GOAL OF THE EXERCISE - What you return must match the listing exactly, with every image removed.

MATERIAL TO PROCESS -

⟨

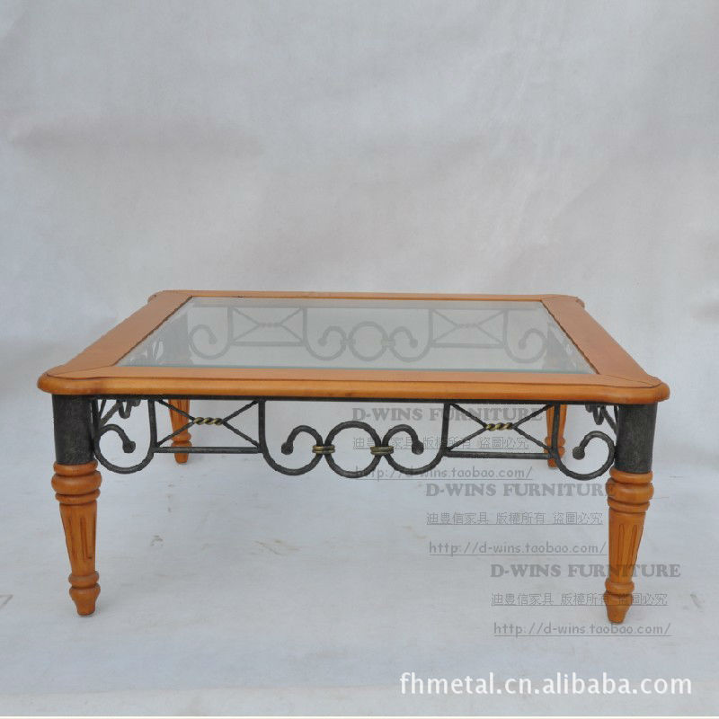 迪豐信供應實木玻璃茶幾美式鐵藝茶幾 大方幾
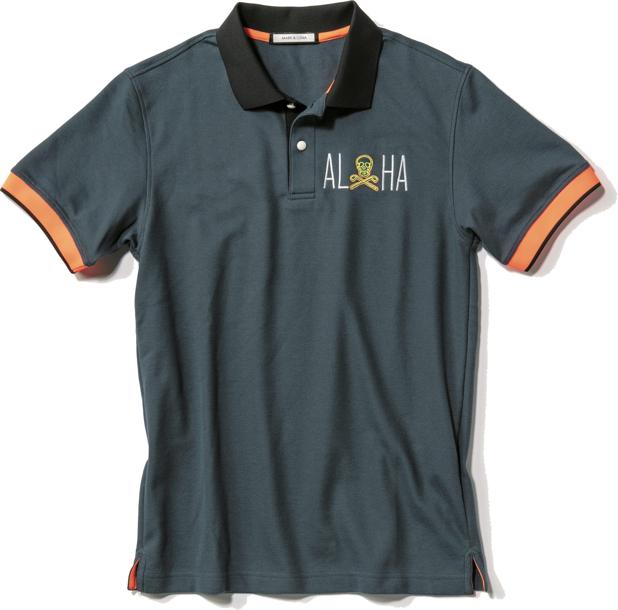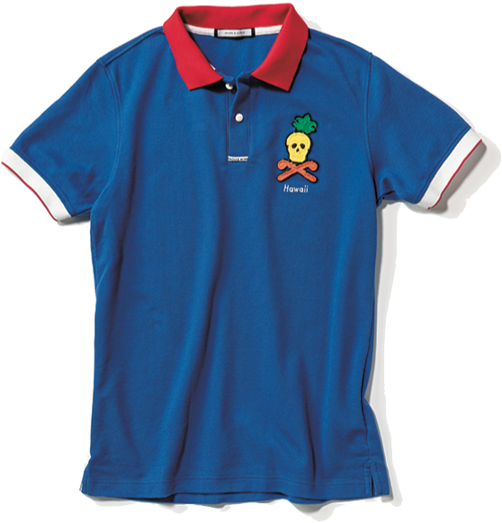 ALOHAのアレンジが秀逸なデザインのポロシャツ。ネオンカラーをアクセントにシンプルながら個性を放つ。¥23,000+税
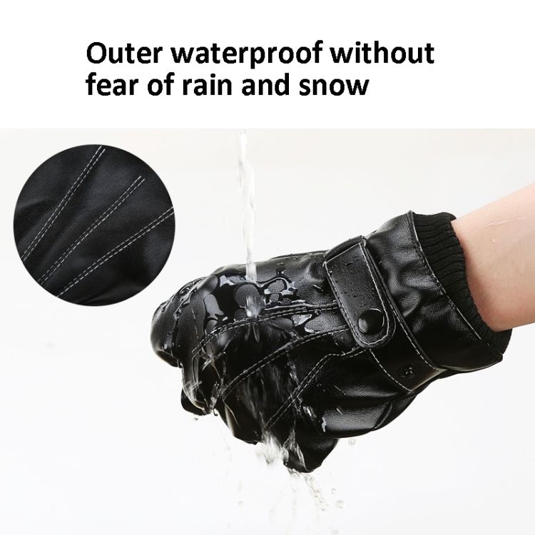 Men PU Velvet Lining Warm Gloves, Size: Free Size
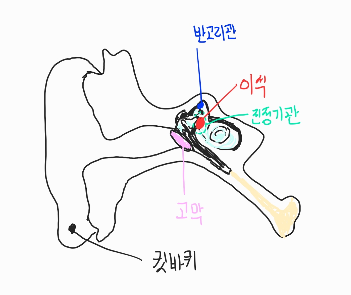 반고리관이라는 구조물이 있는데, 반고리관 내부에 이석이라는 물질이
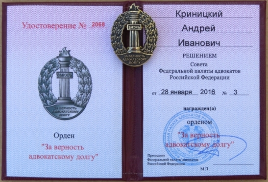 28 января 2016 г. награжден орденом "За верность адвокатскому долгу";
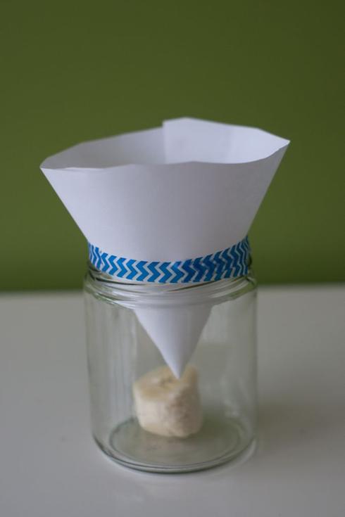 - Former un cornet/entonnoir avec la feuille de papier. Le trou au fond doit être minuscule: les mouches doivent pouvoir y entrer, mais pas en ressortir.
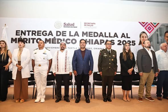 El gobernador Eduardo Ramírez Aguilar encabezó la entrega de la Medalla al Mérito Médico Chiapas 2025 al doctor Salvador Pacheco Segura, a quien describió como un hombre íntegro y patriota que, mediante su labor, llevó esperanza y mejor calidad de vida a la población más necesitada en distintas regiones del estado.
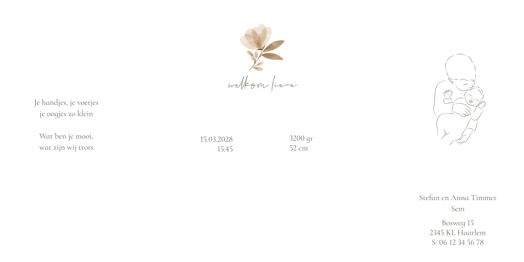 Klassiek geboortekaartje voor een meisje met linnenlook achtergrond en hartjes in goudfolie. Heel mooi te sluiten met een zijden lint strikje. Alle details zijn aan te passen in de editor. Met een lieve tekst op de voorkant en een lijntekening van een broertje met zusje en een geboortegedichtje op de binnenkant. De goudfolie details geven een extra luxe uitstraling aan dit geboortekaartje.
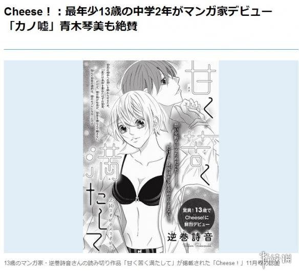 去年日本一位年仅14岁的小萝莉因获得了漫画业界权威的新人奖,并将作为商业漫画家出道而名噪一时。今年日本一位13岁初二学生逆巻诗音同样以职业漫画家的身份出道,刷新日本职业漫画家的年龄下限,在小学馆的《Cheer》上刊载漫画作品《甘く苦く満たして》。
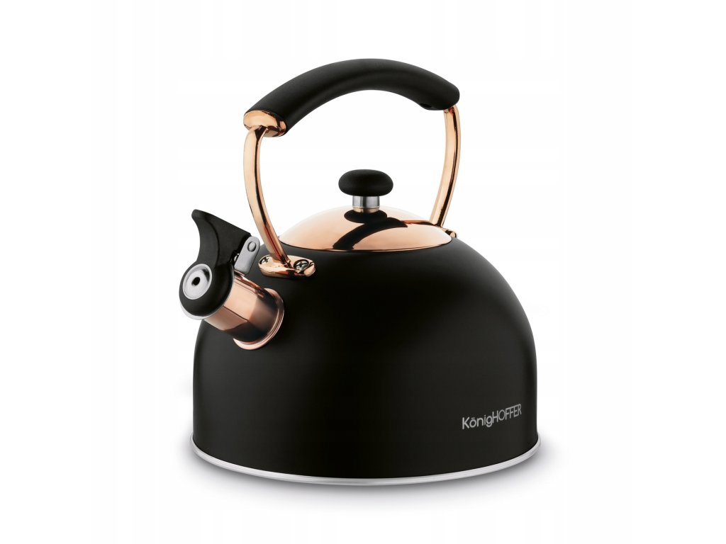 Elegantná čajová kanvica z nerezovej ocele v čiernom matnom prevedení so štýlovými medenými detailmi je ideálnym doplnkom do každej kuchyne. S objemom 2,3 litra je vhodná na prípravu horúcich nápojov pre celú rodinu. Praktická píšťalka vás vždy upozorní, keď sa voda začne variť, zatiaľ čo ergonomická bakelitová rukoväť poskytuje pohodlie a ochranu pred popálením.

⟩

WRITTEN REPLY -
 迪豐信供應實木玻璃茶幾美式鐵藝茶幾 大方幾
 ALOHAのアレンジが秀逸なデザインのポロシャツ。ネオンカラーをアクセントにシンプルながら個性を放つ。¥23,000+税
 Men PU Velvet Lining Warm Gloves, Size: Free Size
 반고리관이라는 구조물이 있는데, 반고리관 내부에 이석이라는 물질이
 28 января 2016 г. награжден орденом "За верность адвокатскому долгу";
 - Former un cornet/entonnoir avec la feuille de papier. Le trou au fond doit être minuscule: les mouches doivent pouvoir y entrer, mais pas en ressortir.
 El gobernador Eduardo Ramírez Aguilar encabezó la entrega de la Medalla al Mérito Médico Chiapas 2025 al doctor Salvador Pacheco Segura, a quien describió como un hombre íntegro y patriota que, mediante su labor, llevó esperanza y mejor calidad de vida a la población más necesitada en distintas regiones del estado.
 Klassiek geboortekaartje voor een meisje met linnenlook achtergrond en hartjes in goudfolie. Heel mooi te sluiten met een zijden lint strikje. Alle details zijn aan te passen in de editor. Met een lieve tekst op de voorkant en een lijntekening van een broertje met zusje en een geboortegedichtje op de binnenkant. De goudfolie details geven een extra luxe uitstraling aan dit geboortekaartje.
 去年日本一位年仅14岁的小萝莉因获得了漫画业界权威的新人奖,并将作为商业漫画家出道而名噪一时。今年日本一位13岁初二学生逆巻诗音同样以职业漫画家的身份出道,刷新日本职业漫画家的年龄下限,在小学馆的《Cheer》上刊载漫画作品《甘く苦く満たして》。
 Elegantná čajová kanvica z nerezovej ocele v čiernom matnom prevedení so štýlovými medenými detailmi je ideálnym doplnkom do každej kuchyne. S objemom 2,3 litra je vhodná na prípravu horúcich nápojov pre celú rodinu. Praktická píšťalka vás vždy upozorní, keď sa voda začne variť, zatiaľ čo ergonomická bakelitová rukoväť poskytuje pohodlie a ochranu pred popálením.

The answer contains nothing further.